Вторая вещь, которая поразила меня в Колдуэлле, – это его не совсем уверенные познания в географии Европы. Когда я рассказывал ему о положении на Ленинградском фронте, выяснилось, что он не только не догадывается о существовании на свете Финского залива, но и не совсем четко представляет себе, где, собственно, расположены Финляндия и Балтийское море.
Когда мы ушли от Колдуэлла, я не скрыл от Петрова своего удивления.
– Слушайте, Лева, – сказал Петров, взяв меня под руку и заглядывая мне в лицо с характерным для него наклоном головы, – зачем ему знать географию?
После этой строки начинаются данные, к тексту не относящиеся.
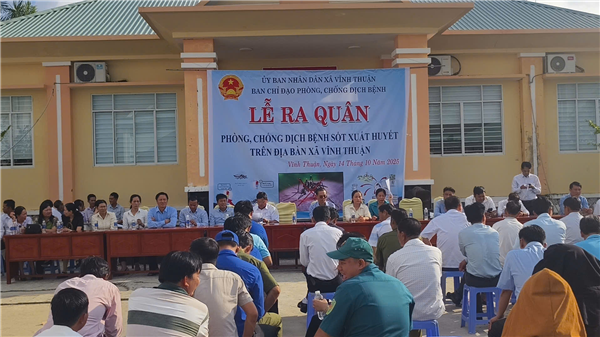 Sáng ngày 14 tháng 10 năm 2025, tại xã Vĩnh Thuận đã chính thức phát động một chiến dịch quyết liệt nhằm phòng, chống dịch bệnh Sốt xuất huyết đợt 2 năm 2025. Đây là hoạt động chiến lược do UBND xã Vĩnh Thuận phối hợp chặt chẽ cùng Trung tâm Y tế Vĩnh Thuận triển khai, thể hiện sự chủ động, không khoan nhượng của địa phương trong việc tăng cường tối đa các biện pháp ngăn chặn nguy cơ bùng phát dịch bệnh trong mùa cao điểm.
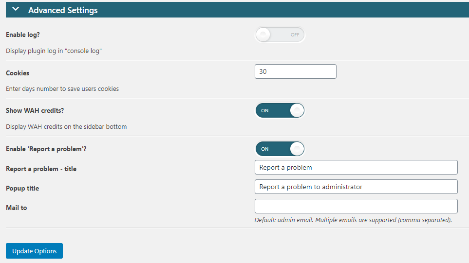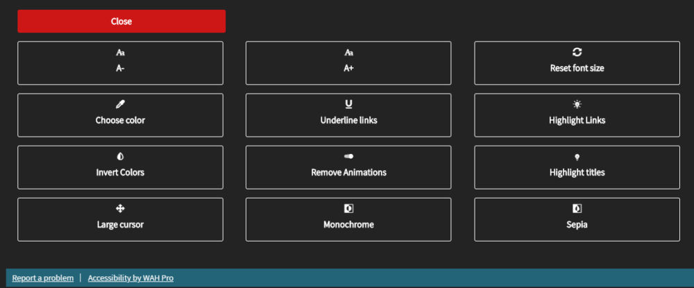 Now you can enable “Report a problem” module and display WAH credits in the bottom of the accessibility sidebar:
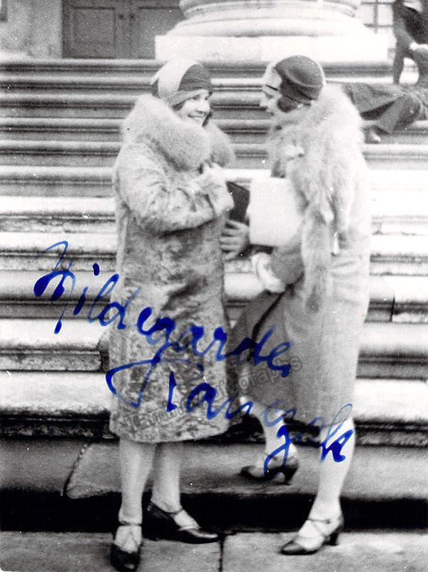 Signed photo, shown as herself with soprano colleague Maria Nezadal. Size is 4 x 5.5 inches, in excellent condition.
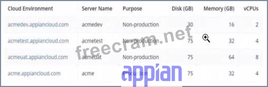 acmedev.appiancloud.com (acmedev): Non-production, Disk: 30 GB, Memory: 16 GB, vCPUs: 2 acmetest.appiancloud.com (acmetest): Non-production, Disk: 75 GB, Memory: 32 GB, vCPUs: 4 acmeuat.appiancloud.com (acmeuat): Non-production, Disk: 75 GB, Memory: 64 GB, vCPUs: 8 acme.appiancloud.com (acme): Production, Disk: 75 GB, Memory: 32 GB, vCPUs: 4 Load testing assesses an application's performance under increased user load to ensure scalability and stability. Appian's Performance Testing Guidelines emphasize using an environment that mirrors Production as closely as possible to obtain accurate results, while avoiding direct impact on live systems.
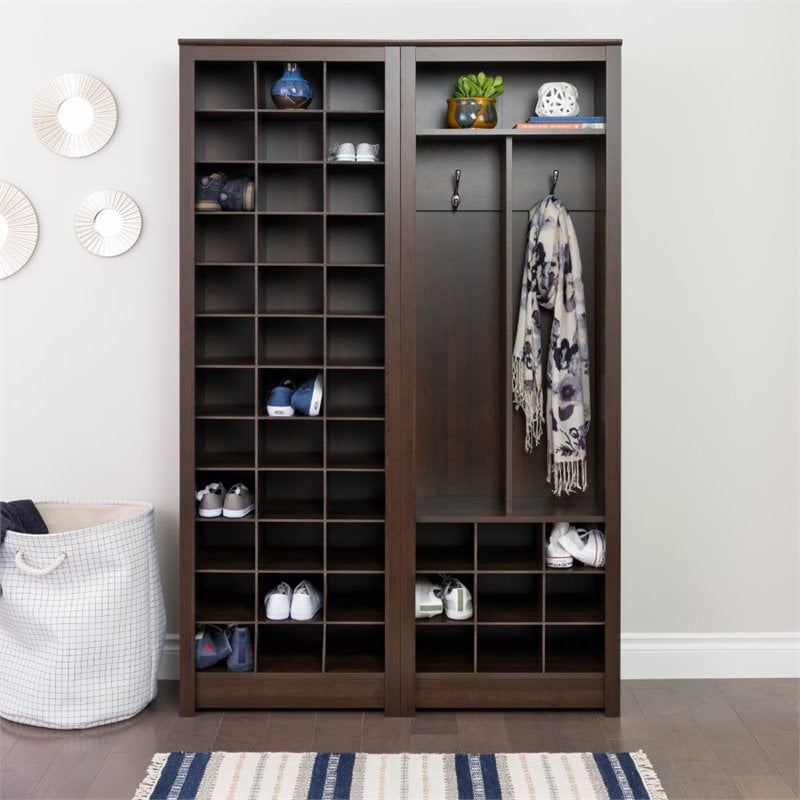 Prepac Space-Saving 36 Pair Shoe Storage Cabinet With Cubbies. Espresso
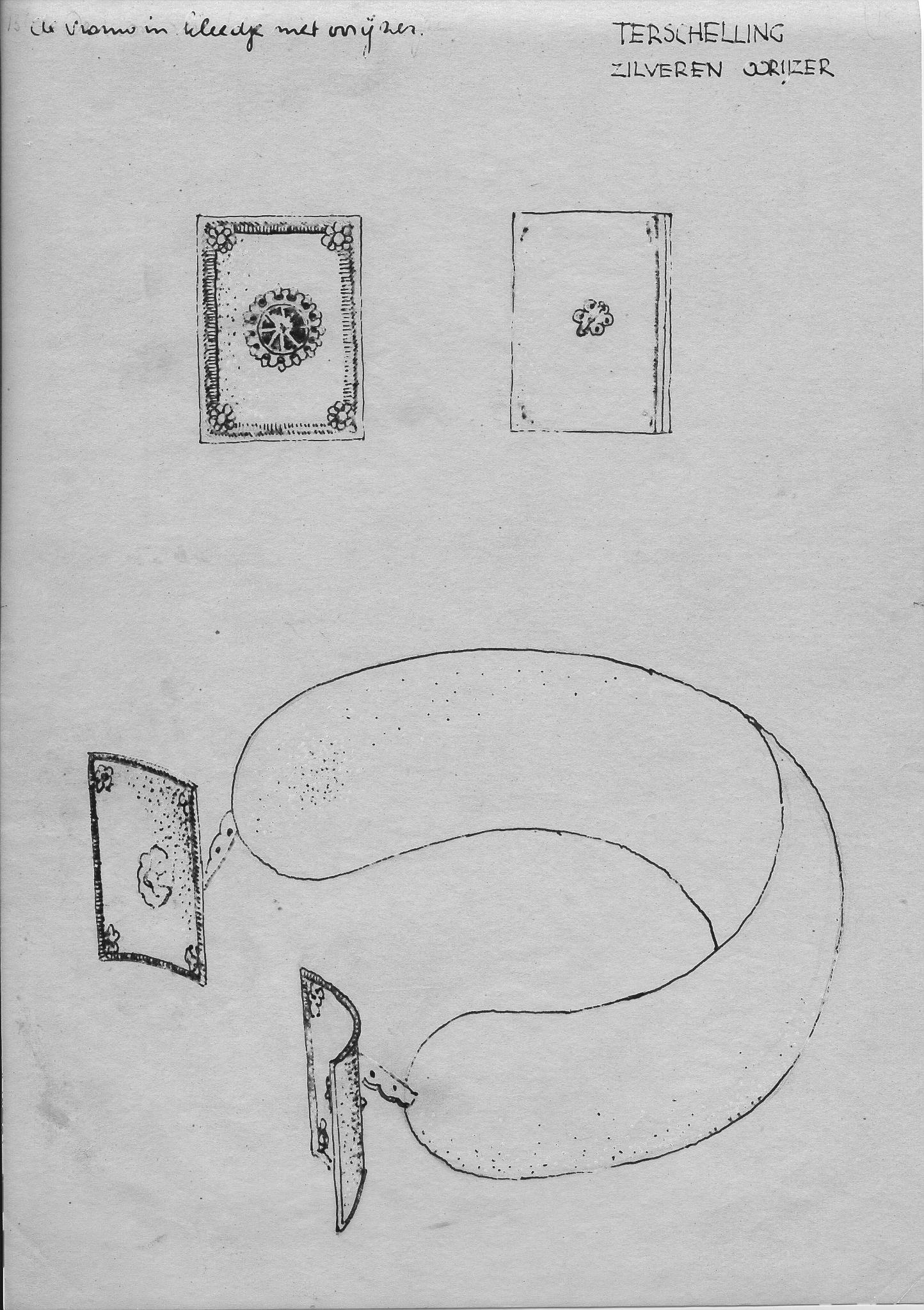 Tekening van een zilveren oorijzer, Terschelling (op...
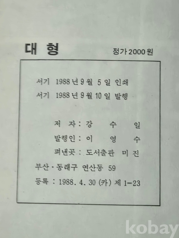 성인극화만화 ==강수일 == 대형 4책 일괄 == 1988년
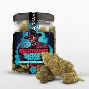 Arkano CBD presenta Nightmare Sherbet, una flor de cepa californiana infusionada de moderadamente alta concentración, con atractivos cogollos muy compactos, y bien formados. Sus notas afrutadas exudan delicadeza, transportando los sentidos a un mundo de dulzura y serenidad.

Американцы знают только то, что им нужно для их профессии. Колдуэлл – узкий специалист. Он умеет только одно: хорошо писать. Больше ничего. Скажите откровенно: вы считаете, что для писателя этого мало?
Не помню, что я ответил. Но хорошо помню, что меня поразило в этих словах Евгения Петрова. Меня поразило, что то же самое в этом случае, вероятно, сказал бы Илья Ильф. Меня поразило внезапно вспыхнувшее в Петрове сходство с Ильфом – через пять лет после его смерти.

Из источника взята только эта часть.